§ **Your goal**
The listing that follows should be copied in full and exactly, with no pictures.

§ **Dataset content**
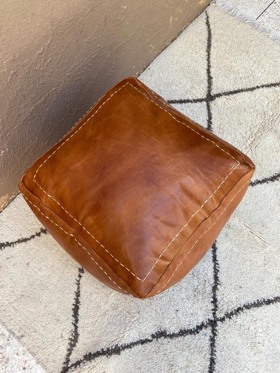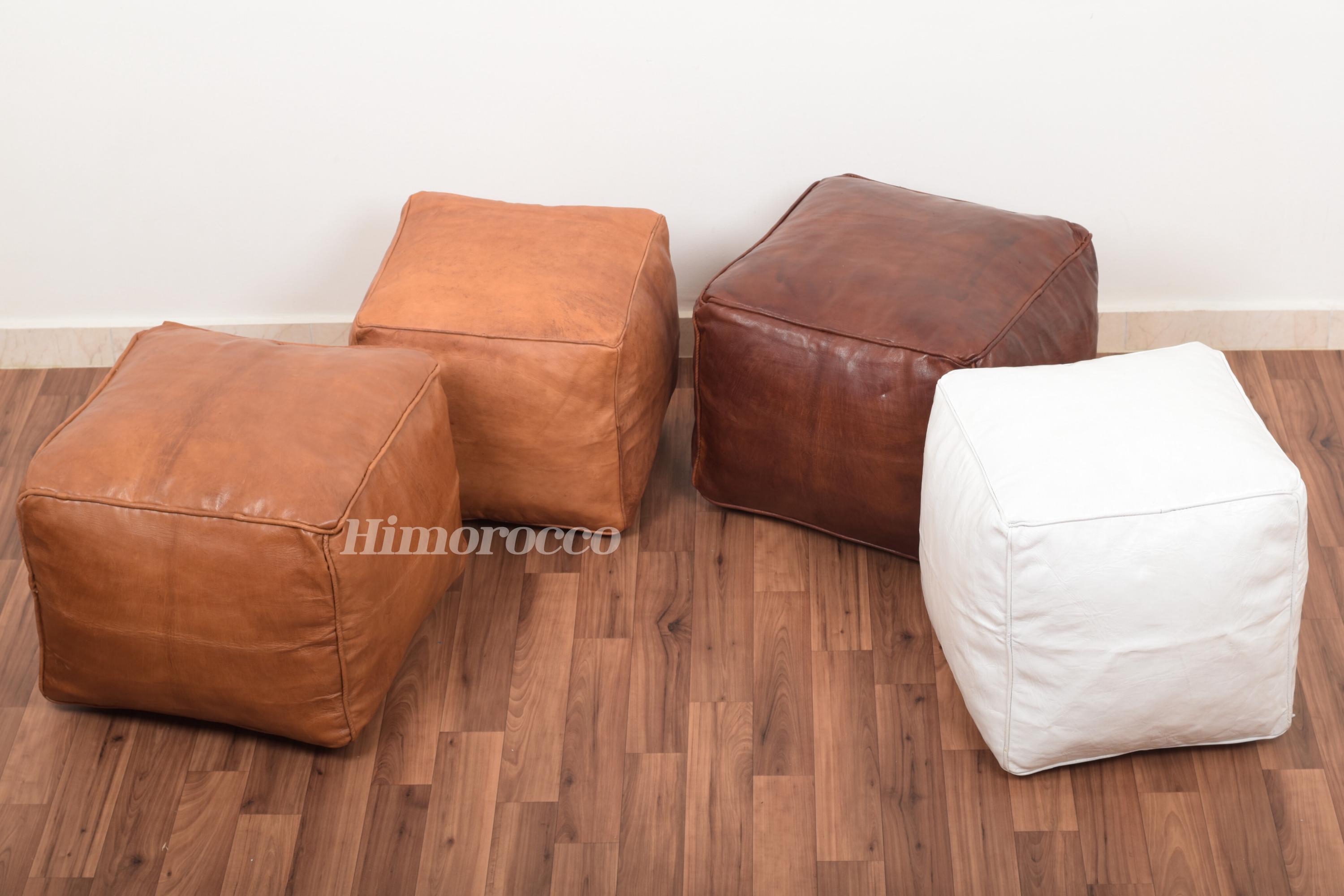 Moroccan Square Leather Pouf Handmade , stuffed Pouf , luxury ottom...
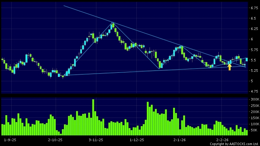 Triangle Breakout means the volatility of price movement is decreasing, stock price finally broke the top of triangle. An upward trend will start.(HK stocks quote is delayed for at least 15 mins.Short Selling Data as at 2026-02-26 16:25.)
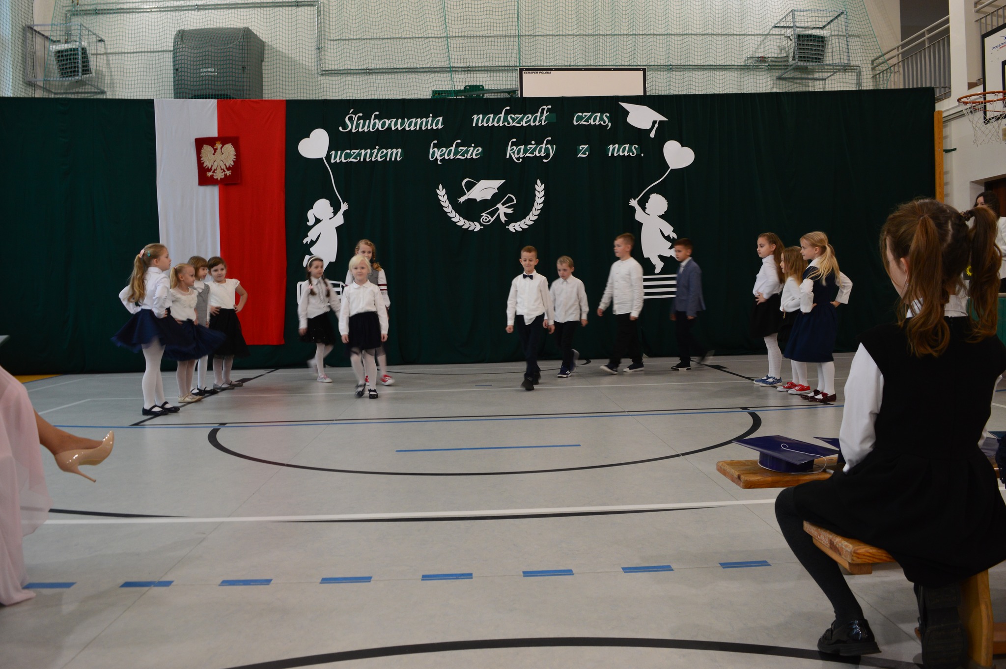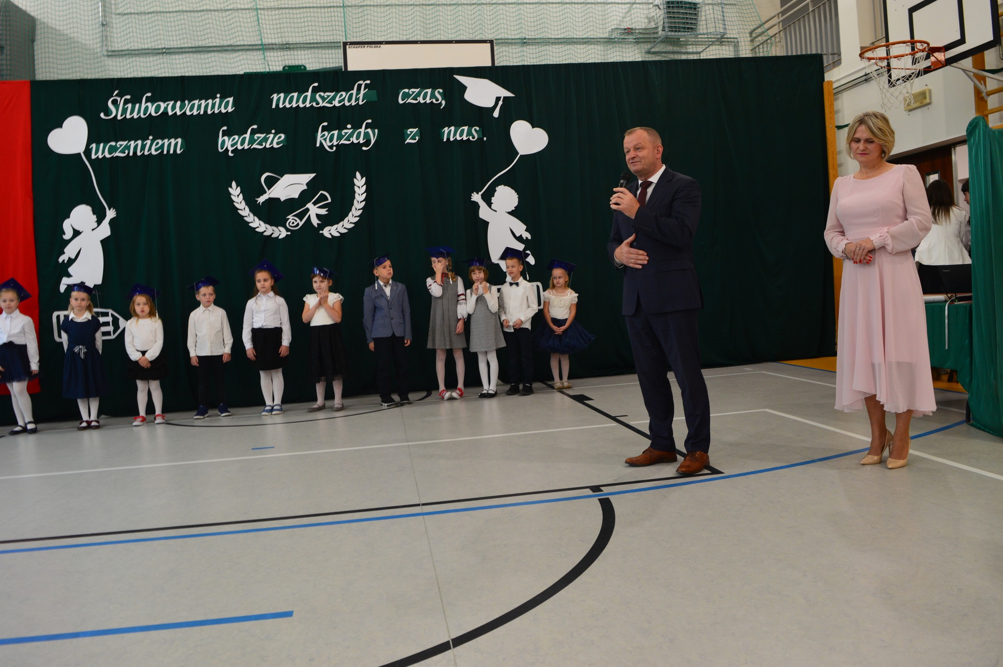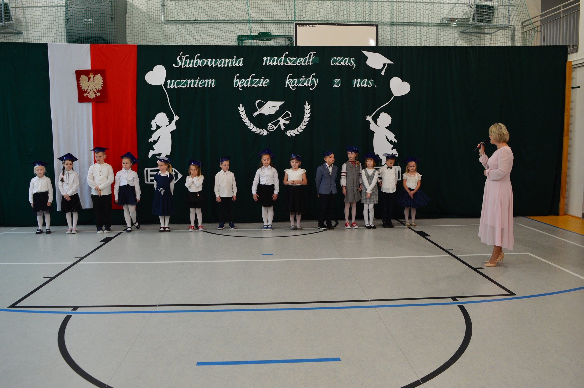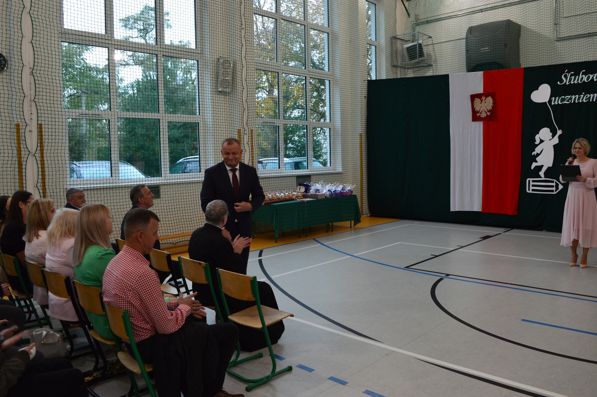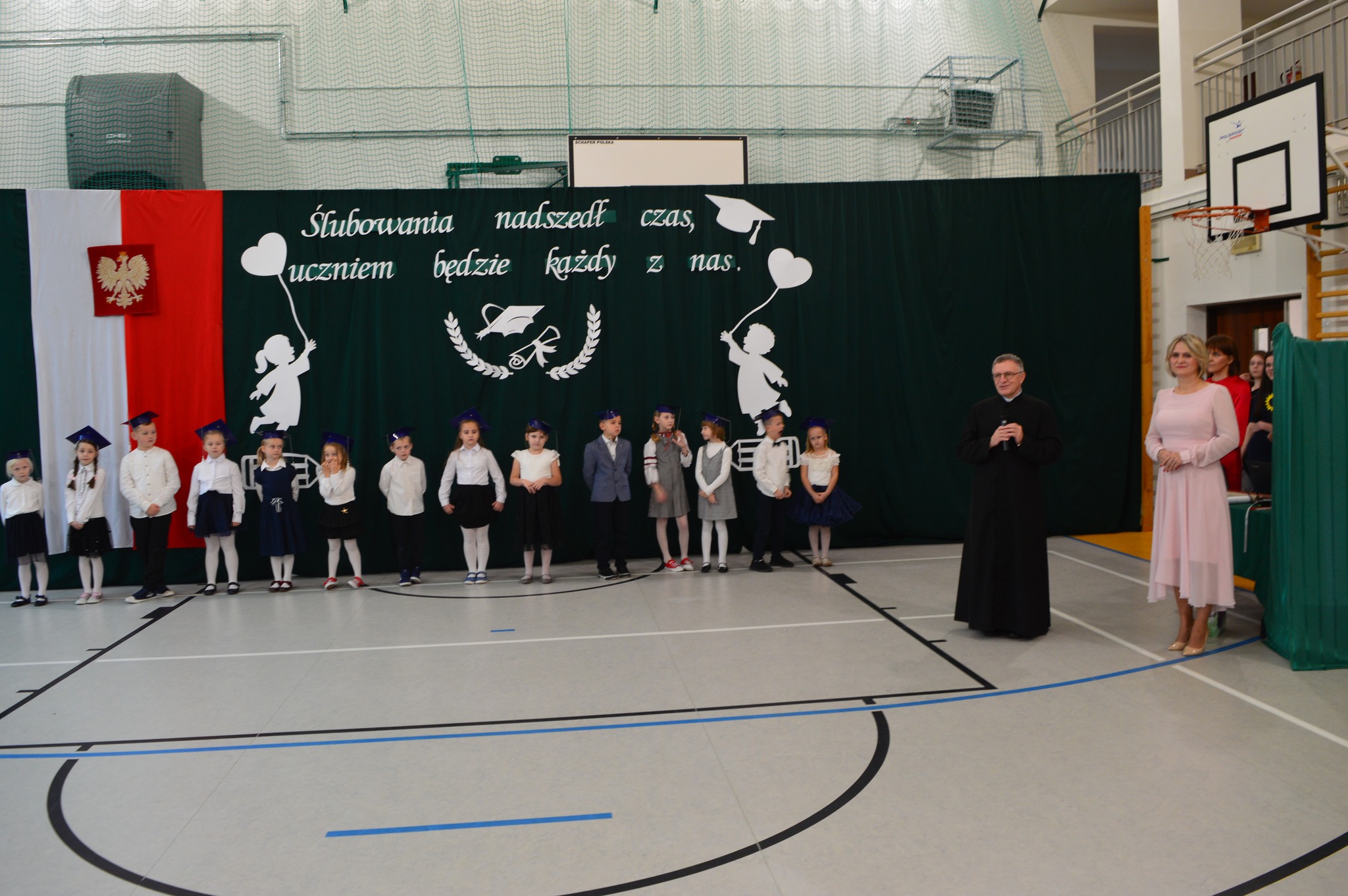 W podniosłej atmosferze, przed pocztem sztandarowym, bohaterowie dnia ślubowali być dobrymi Polakami oraz pilnymi uczniami.
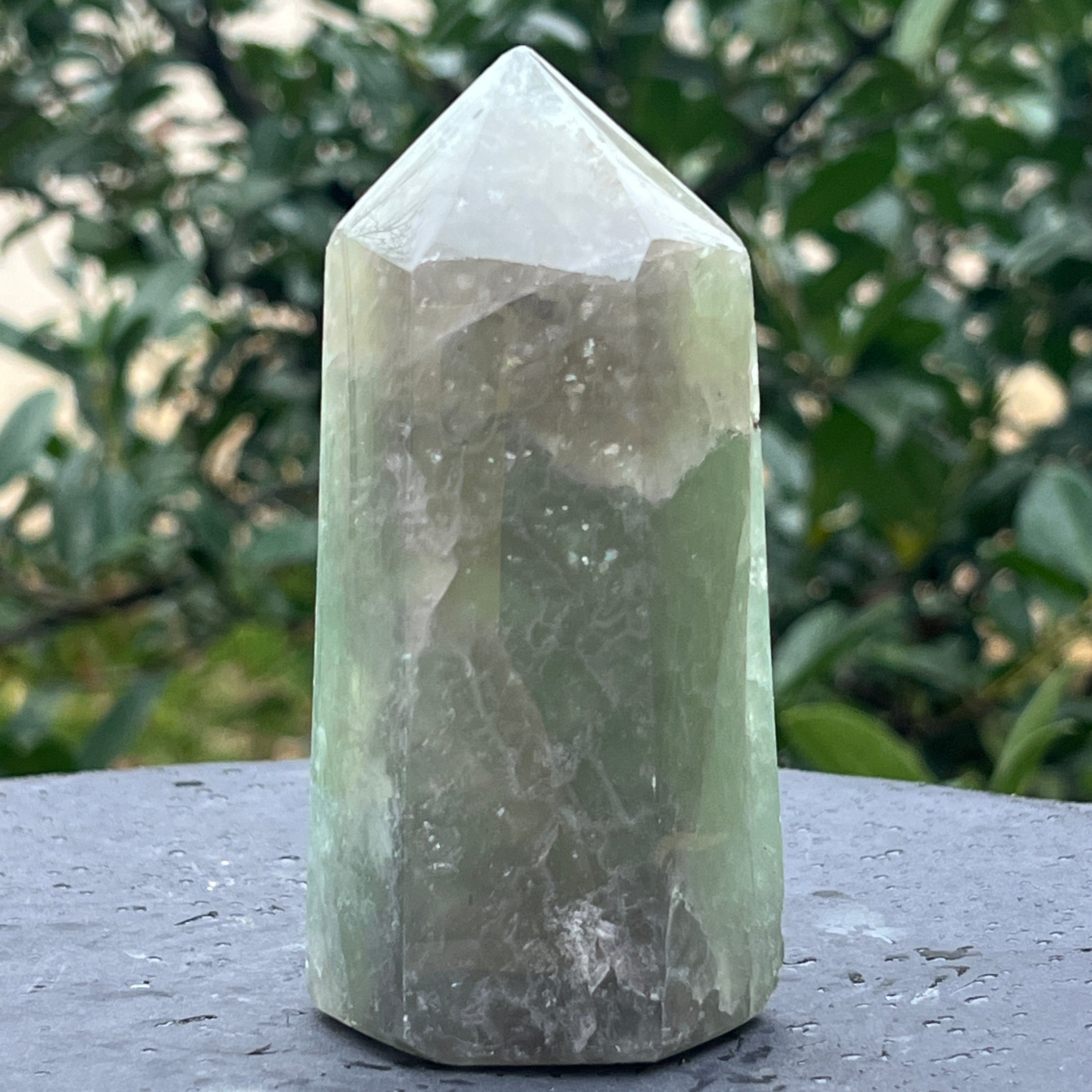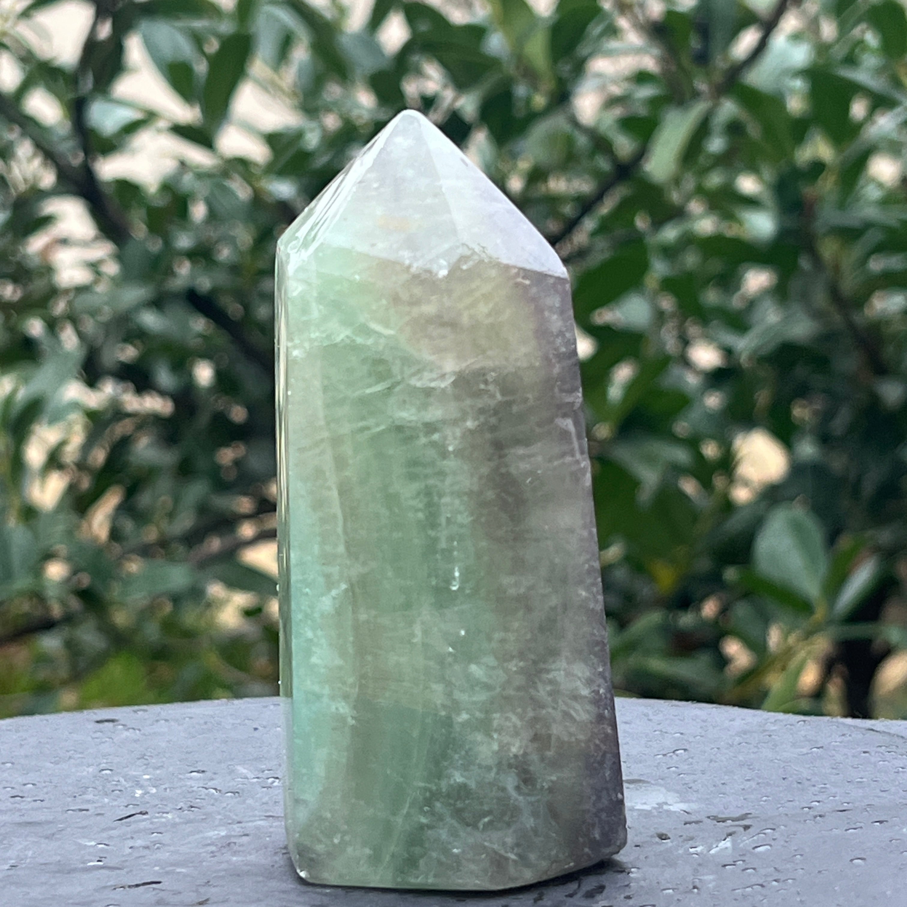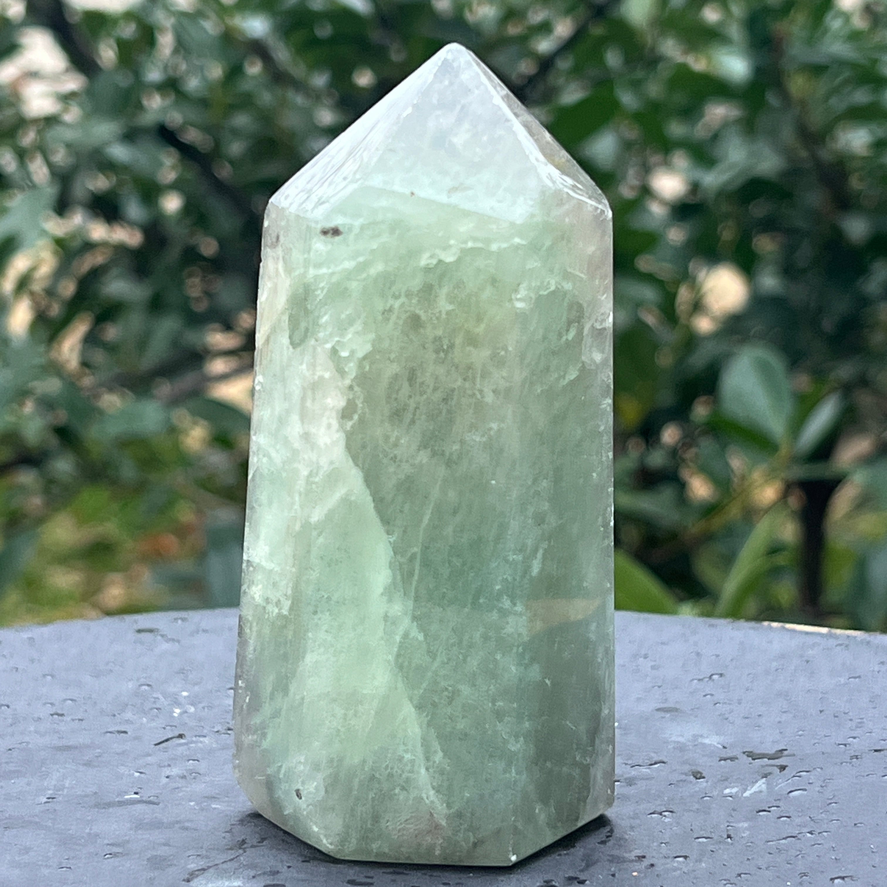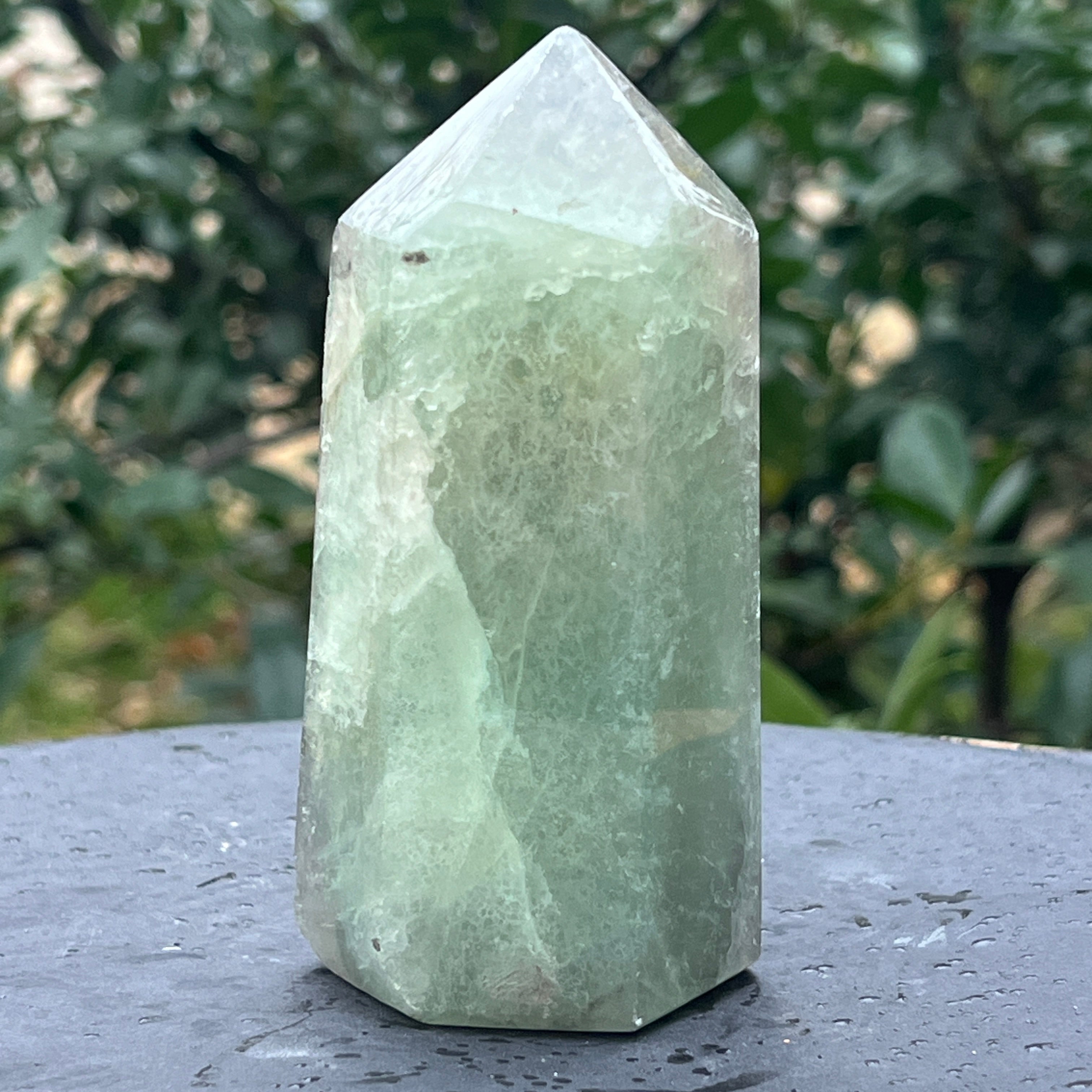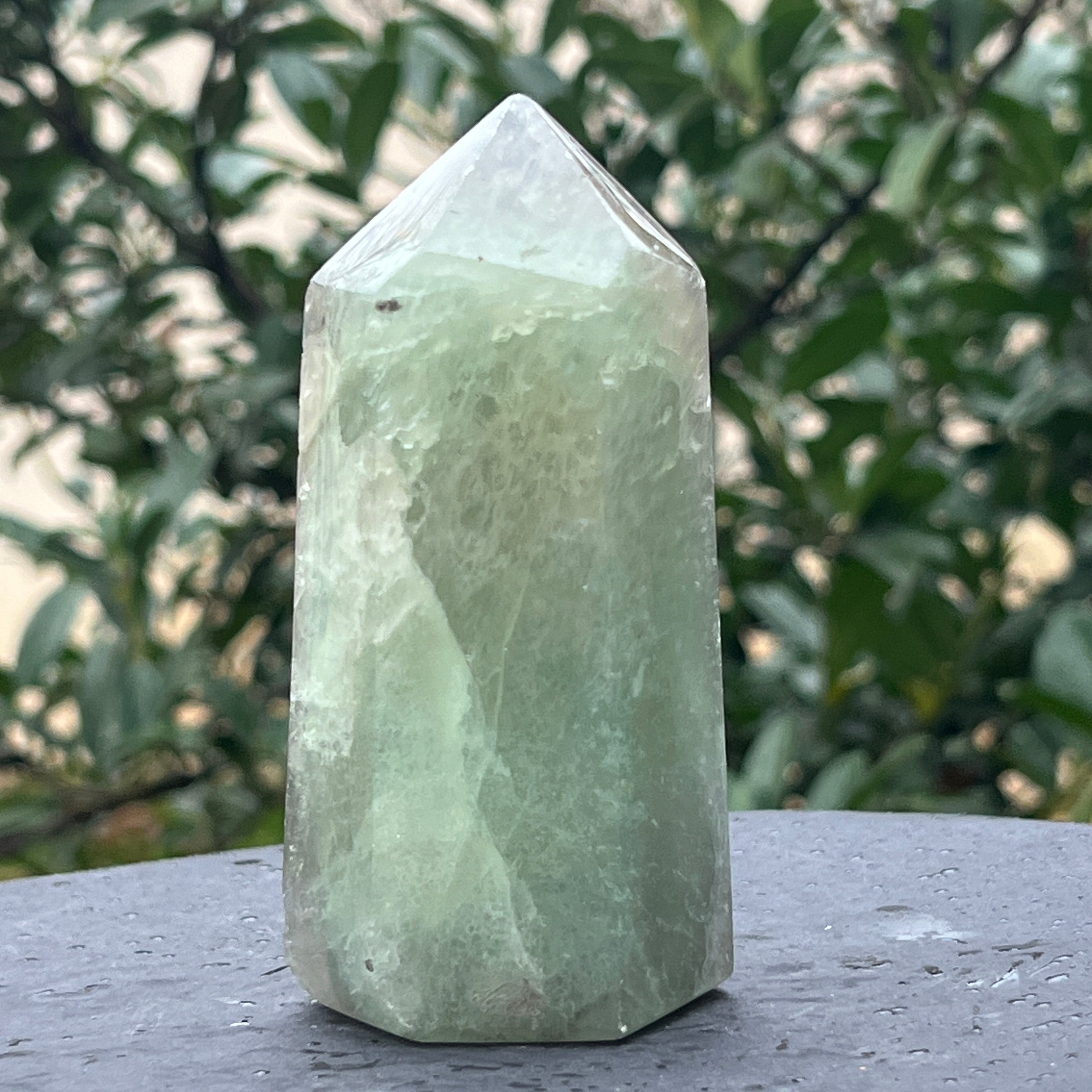 Zöld fluorit obeliszk, 22-es modell, méret: 11,1 * 5,5 * 5,5 cm

§ **Output for this exercise**
 Moroccan Square Leather Pouf Handmade , stuffed Pouf , luxury ottom...
 Triangle Breakout means the volatility of price movement is decreasing, stock price finally broke the top of triangle. An upward trend will start.(HK stocks quote is delayed for at least 15 mins.Short Selling Data as at 2026-02-26 16:25.)
 W podniosłej atmosferze, przed pocztem sztandarowym, bohaterowie dnia ślubowali być dobrymi Polakami oraz pilnymi uczniami.
 Zöld fluorit obeliszk, 22-es modell, méret: 11,1 * 5,5 * 5,5 cm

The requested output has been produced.